Jiaying University
- Former names: Jiaying College Meixian Girls Normal School
- Type: Public university
- Established: 1913; 113 years ago
- President: Cheng Biao
- Academic staff: 923
- Administrative staff: 1,392
- Students: 14,000
- Location: Meixian, Meizhou, Guangdong, China
- Website: http://www.jyu.edu.cn

Chinese name
- Simplified Chinese: 嘉应大学
- Traditional Chinese: 嘉應大學

Standard Mandarin
- Hanyu Pinyin: Jiāyīng Dàxué

Yue: Cantonese
- Jyutping: gaa1 jing3 daai6 hok6

= Jiaying University =

Public university in Guangdong, China

Jiaying University or historically Kaying University (嘉应大学) is a public provincial undergraduate university based in Meizhou City in Guangdong Province, southern China.

== History ==
The university grew out of the Women's Normal School established in 1913 and received its name because Meizhou was known as Jiaying during the Qing dynasty (1644–1911).

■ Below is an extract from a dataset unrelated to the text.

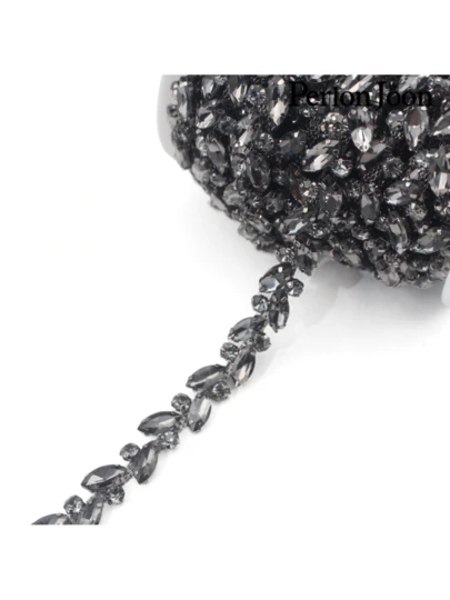 Perlon Joon 1 码树叶干净玻璃水晶链水钻装饰银水晶链装饰婚纱配饰 - 黑色 - 查看 1

== Physical setting and library ==
The university covers 101 hectares with buildings covering 550,000 square meters. It has 170 million RMB worth of assets such as teaching instruments and equipment, including 31 laboratories with advanced equipment, and houses a collection of 1.82 million books, over 100,000 electronic books and more than 1,500 domestic and foreign periodicals.

== Staff ==
At present, the university has a staff of 1,508, including 1,050 teachers, with 90 full professors and 262 associate professors, and 61 doctoral degree and 475 master's degree holders. Notable experts and scholars from home and abroad have been invited as visiting or honorary professors, such as Qiu Chengtong, Han Suyin, Daisaku Ikeda, Pan Yugang and Wang Fosong.

== Students ==
The university has 19,282 full-time students and 8,499 part-time students from 22 provinces of China. Currently the university offers 45 undergraduate majors in 19 schools and 2 teaching departments, which fall into 10 disciplines, such as the arts, the sciences, engineering, law and medicine.

== Setting and ethnic community ==
The university is rooted in the Hakka homeland, serving mountainous areas and promoting Hakka culture. Since the university was founded, it has received donations totaling 100 million RMB from domestic and overseas outstanding compatriots and alumni, notably Dr. Tsang Hin-chi and Dr. Tin Ka Ping. Its Hakka Research Institute is a key provincial-level research base in humanities and social sciences as well as the research base of Guangdong Hakka studies, and its School of Hakka Studies is the first of its kind in China.

== Degrees offered ==
In 2006, the university successfully passed the undergraduate education evaluation by the Ministry of Education of China. Now it aims to become eligible to award master's degrees around 2013, its 100 anniversary, and to build itself into a local comprehensive university of high quality with distinctive local characteristics renowned in Guangdong Province and throughout China.